:: Extracted material ::
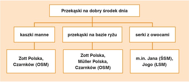 W kategorii kaszek mannych na krajowych półkach znajdujemy m.in. kaszki manne pod marką Smakija firmy Zott Polska oraz produkty mleczarni Czarnków (OSM). W kategorii producentów przekąsek ryżowych należy wymienić firmy: Müller Polska (przekąski Riso standardowe oraz z dodatkiem 5 ziaren), Zott Polska (linia Belriso) oraz produkty Czarnków (OSM) tj. desery ryżowe Czaruś z owocami.
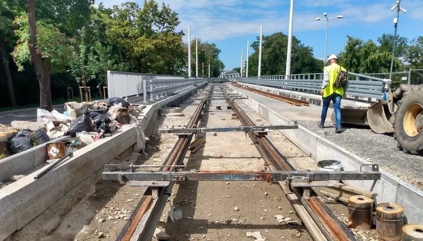 Na wiadukcie nad torami kolejowymi na ul. Strzegomskiej kładzione są kolejne metry szyn tramwajowych. Długi na 160 metrów obiekt to jeden z głównych elementów przyszłego TAT. Pozwoli bezkolizyjnie przejechać nad torami kolejowymi.
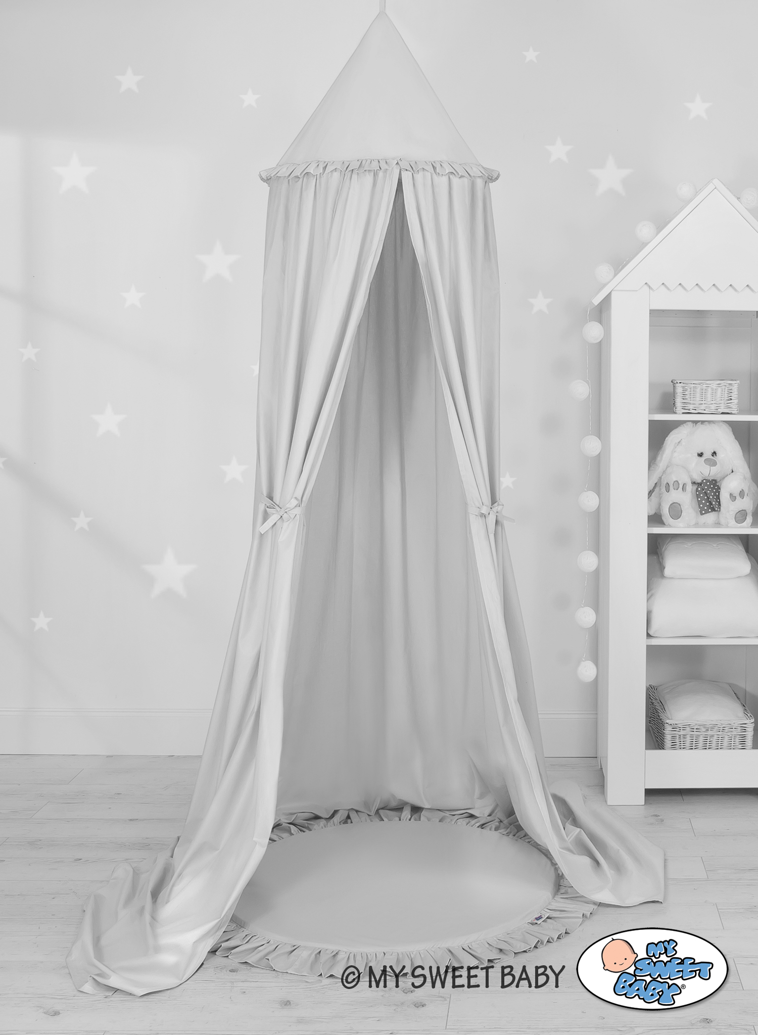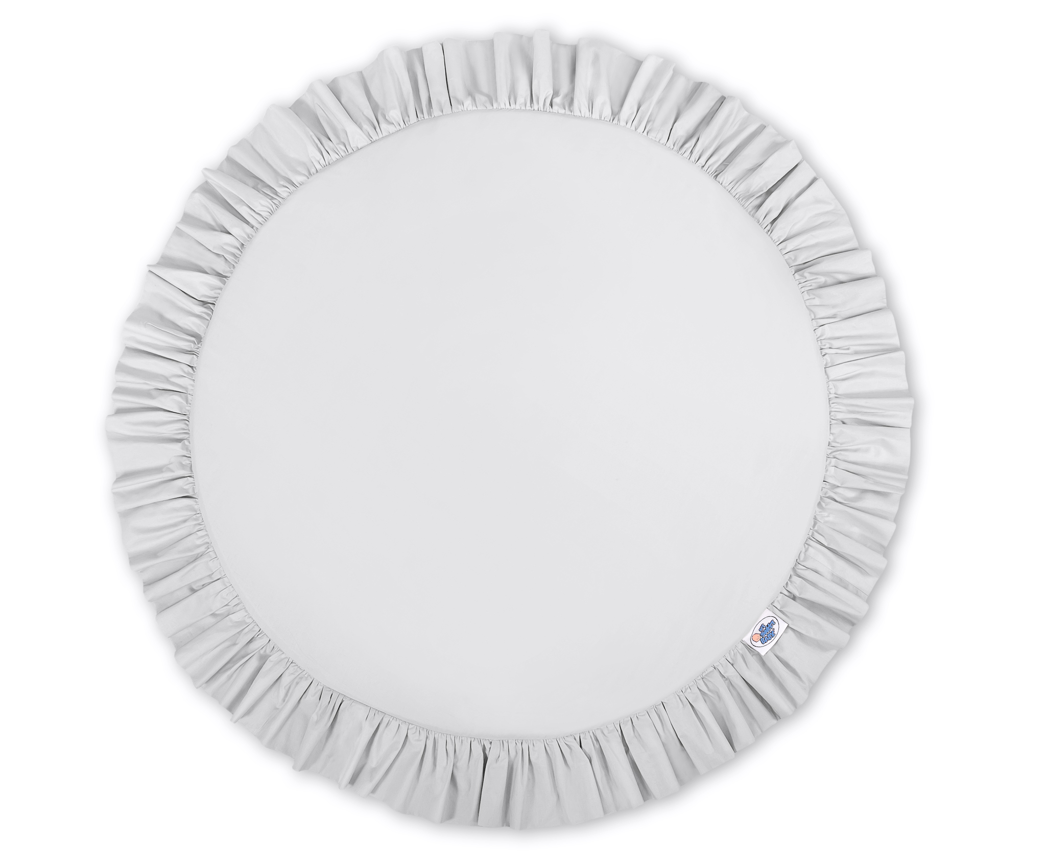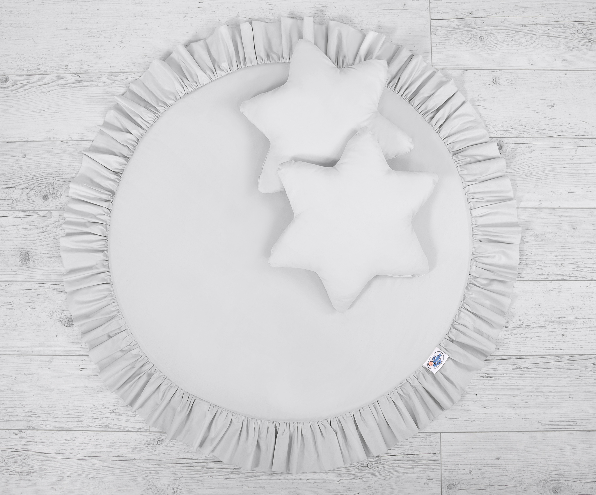 A floor play mat with ruffle. It can be used as a carpet,  play mat, or as a floor mat for the long canopy. From the first days of life can it be used as a place to rest or as a tummy time play mat. It has a soft filling that perfectly isolates from the hard and cold floor. The cover is made of OKOTEX certified 100% cotton.  The bottom of the play mat is made of a modern, anti-allergic, attested material. The bottom can be removed and the cover can be washed.
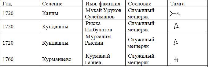 Помимо приведенных выше названий, известны также тамги «чумэлэ» («копна»), «куз-тамга» («глаз»), «кайчы» («ножницы»), «чумеч» («ковш»), «тырма» («грабли»), «ачкыч» («ключ») и другие подобные. Тамга одного из родоначальников династии Сулеймановых Мукая Урукова, по материалам переписи 1720 года, видимо, называется «килэп агачы», то есть «сновальня» (деревянный предмет, используемый при прядении, изготовке валенок). Такая же примерно тамга была у православной ветви Тимашевых (крещеные татары)169. Тимашевы известны как служилые татары, князья. Проживали в Темниковском и Кадомском уездах. В XIX веке переселились и в наши края – в деревни Старое Калмашево (ныне Чекмагушевский район) и Мустаево Стерлитамакского.
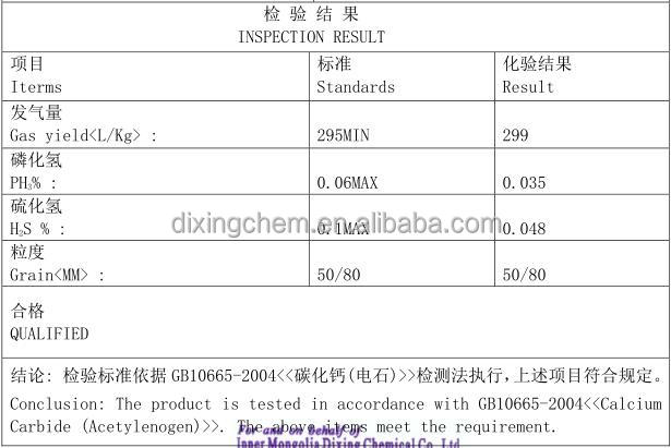 pack: 100kg/50kg/iron drum model: 0.2-120MM payment terms: L/C, D/P, wire transfer EINECS number: 200-848-3 Place of origin: Inner Mongolia, China Grade standards: Agricultural grade, industrial grade Customs code: 284910 application: Produce acetylene gas; Other names: Carbide Packaging details:...... -
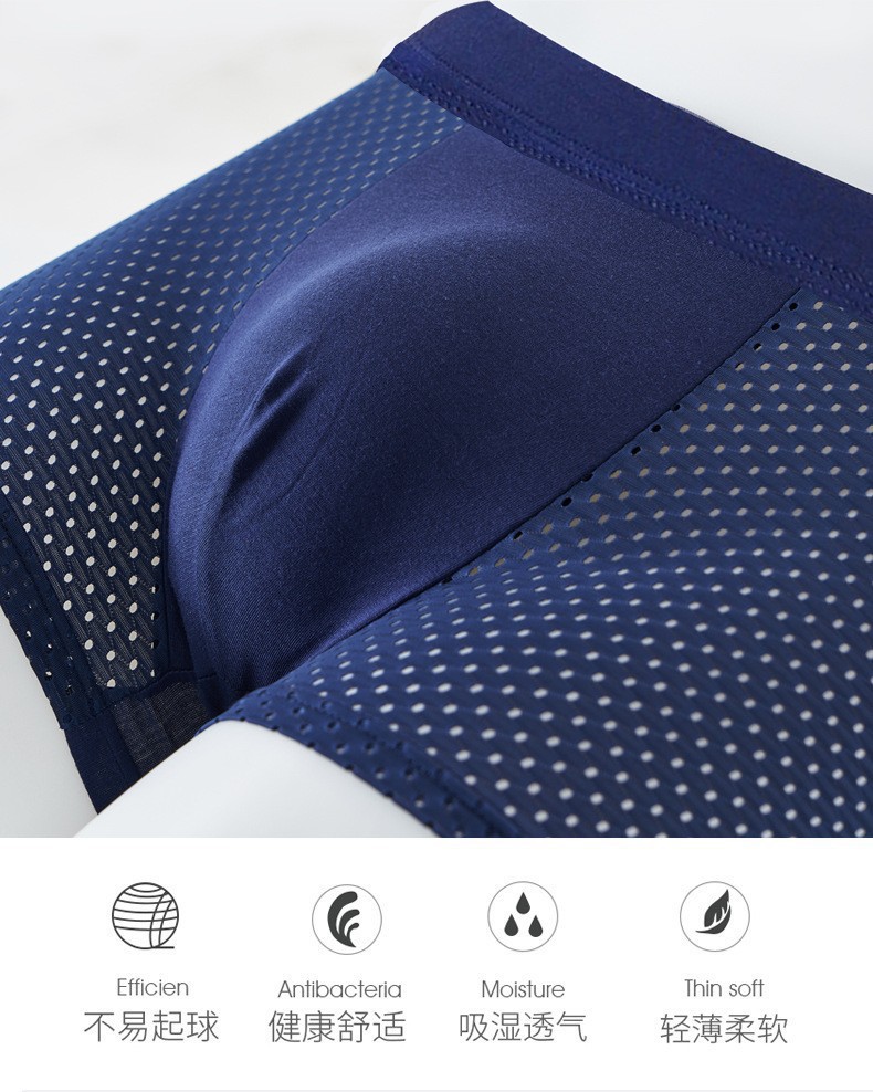 남자 아이스 실크 복서 브리프 원활한 메쉬 남성 복서 반바지 여름 얇은 통기성 시원한 느낌 복서 반바지 도매스토어 가기
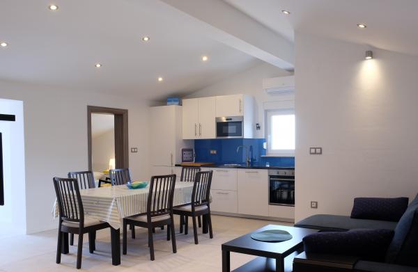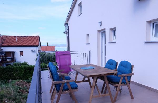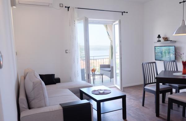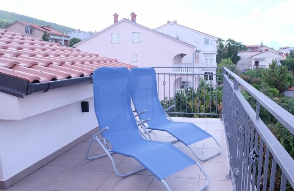 Popolnoma in moderno opremljeni apartmaji v mirnem predelu Selca, s čudovitim razgledom na otok Krk in Kvarner. Objekt se nahaja 3 minute od centra, ki ponuja različne ugodnosti: banka, pošta, lekarna, trgovine, bari, restavracije... Objekt ima veliko dvorišče in parkirišče. Hišni ljubljenčki so dobrodošli. MODRI apartma se nahaja v mansardi in ponuja vse ugodnosti opremljenega apartmaja. Na voljo so kuhinjski aparati (hladilnik, zamrzovalnik, pomivalni stroj, pečica, mikrovalovna pečica...). Na balkonu je vrtno pohištvo in 2 ležalnika. RDEČI apartma se nahaja v drugem nadstropju in ponuja vso opremo, da bo vaš dopust prijeten. Na voljo so kuhinjski aparati (hladilnik, zamrzovalnik, pomivalni stroj, mikrovalovna pečica...). Na balkonu je vrtno pohištvo in 2 ležalnika. SIVI apartma se nahaja v drugem nadstropju, ima majhno kuhinjo s kuhinjskimi aparati za udobno bivanje (hladilnik, zamrzovalnik, pomivalni stroj, mikrovalovna pečica...) in eno sobo. Na balkonu je vrtno pohištvo in 2 ležalnika.
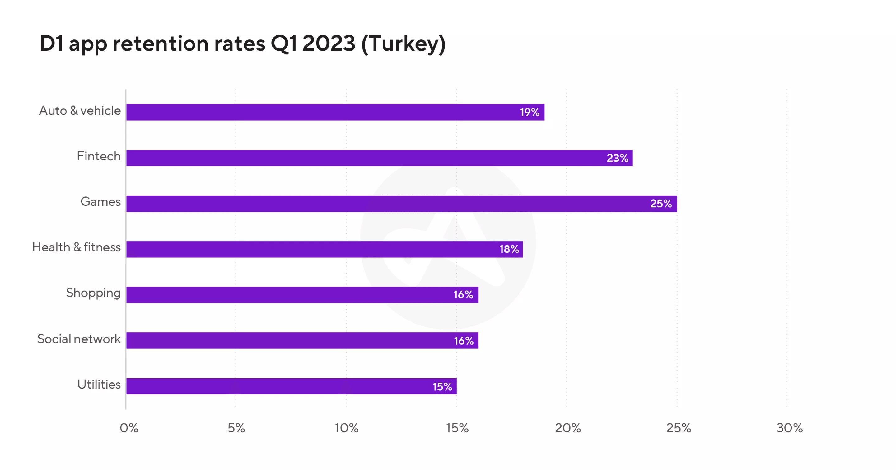 2023'ün ilk çeyreğinde, mobil oyun ve fintech uygulamaları, sırasıyla %25 ve %23'lük 1. Gün elde tutma oranlarıyla en çok etkileşime geçen kullanıcılara sahip oldu. Hemen arkasından gelen otomobil ve araç uygulamaları %19'luk 1. Gün oranıyla üçüncü sırada yer alırken, sağlık ve fitness uygulamaları da %18'lik oranla çok geride kalmadı. Alışveriş ve sosyal ağ uygulamaları ise %16 ile daha düşük bir elde tutma oranına sahip(BKZ Grafik3).
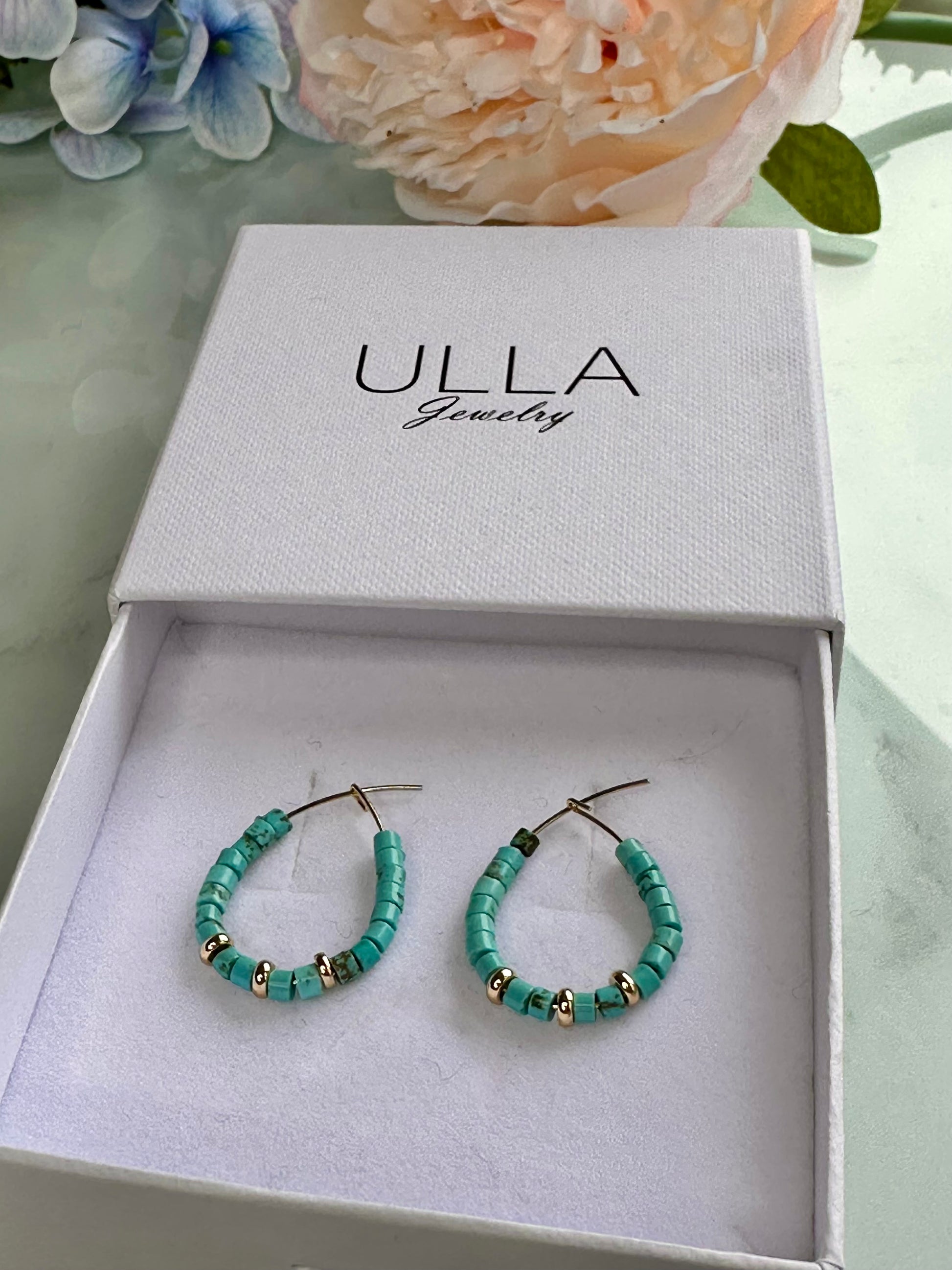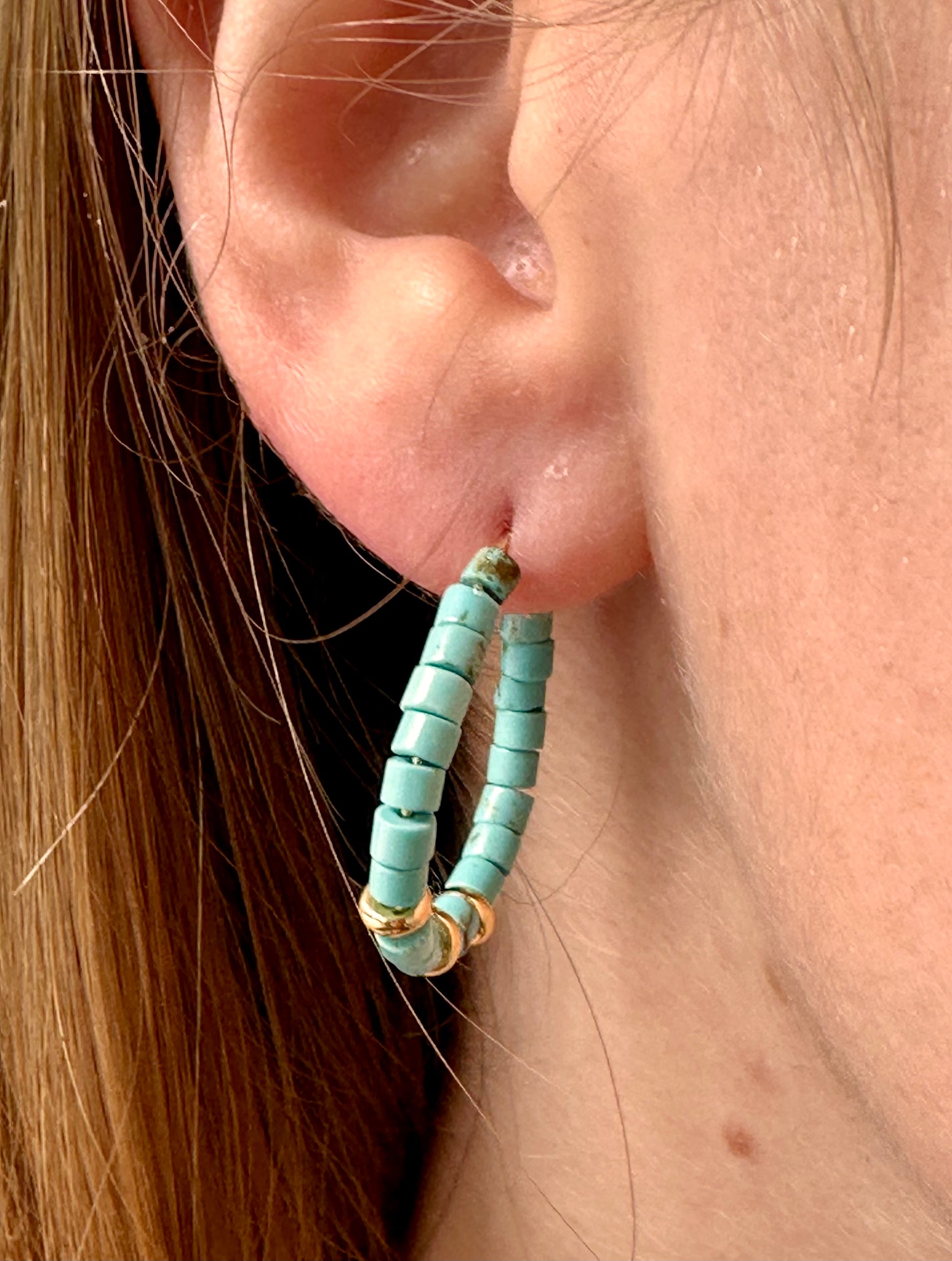 Turquoise heishi bead hoops with gold plated accents. 3 cm in length
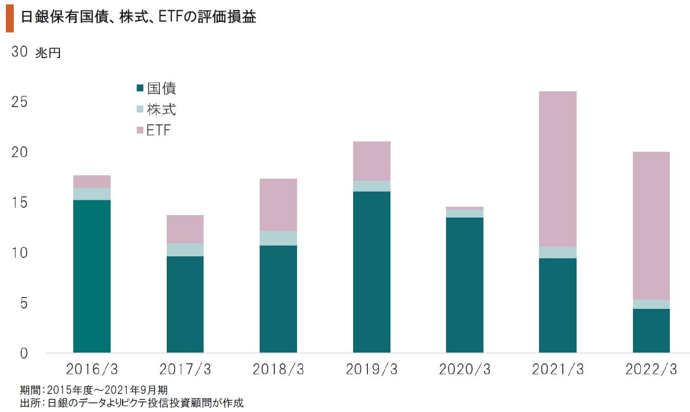 日銀が保有する国債の評価益は、2019年3月期に16兆360億円に達していたが、市場金利の上昇などから前期末には4兆3,735億円へと縮小している。一方、ETFは簿価が36兆6,255億円、時価が51兆3,109億円で、評価益は14兆6,854億円だった。国債とETFの評価益は景気動向に従ってバランスしており、現時点で大きな問題は生じていない。
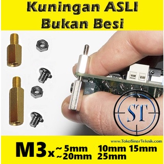 Spacer PCB M3 x 10mm-20mm Slicer Kaki / Dudukan PCB Kuningan Metal Spaser Spicer 5mm 10mm 15mm 20mm 25mm Brass Hex Baut Mur Box Ampli Brass
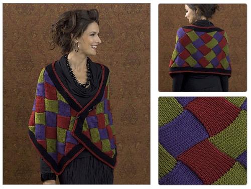 Here is entrelac wrap pattern designed by Kathy Perry and named Santiago Entrelac Wrap.
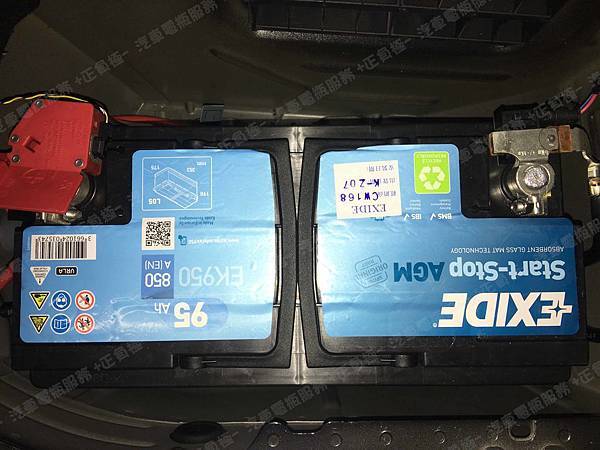 更換汽車電池為 EXIDE埃克塞德 法製 AGM EK950 容量95AH 冷啟動電流850A( EN)
:::
* Assignment
To complete this exercise, repeat exactly the lines above from the one holding "Here is entrelac" to the end of the listing, both included, and leave the pictures out.

* Exercise answer
 Here is entrelac wrap pattern designed by Kathy Perry and named Santiago Entrelac Wrap.
 更換汽車電池為 EXIDE埃克塞德 法製 AGM EK950 容量95AH 冷啟動電流850A( EN)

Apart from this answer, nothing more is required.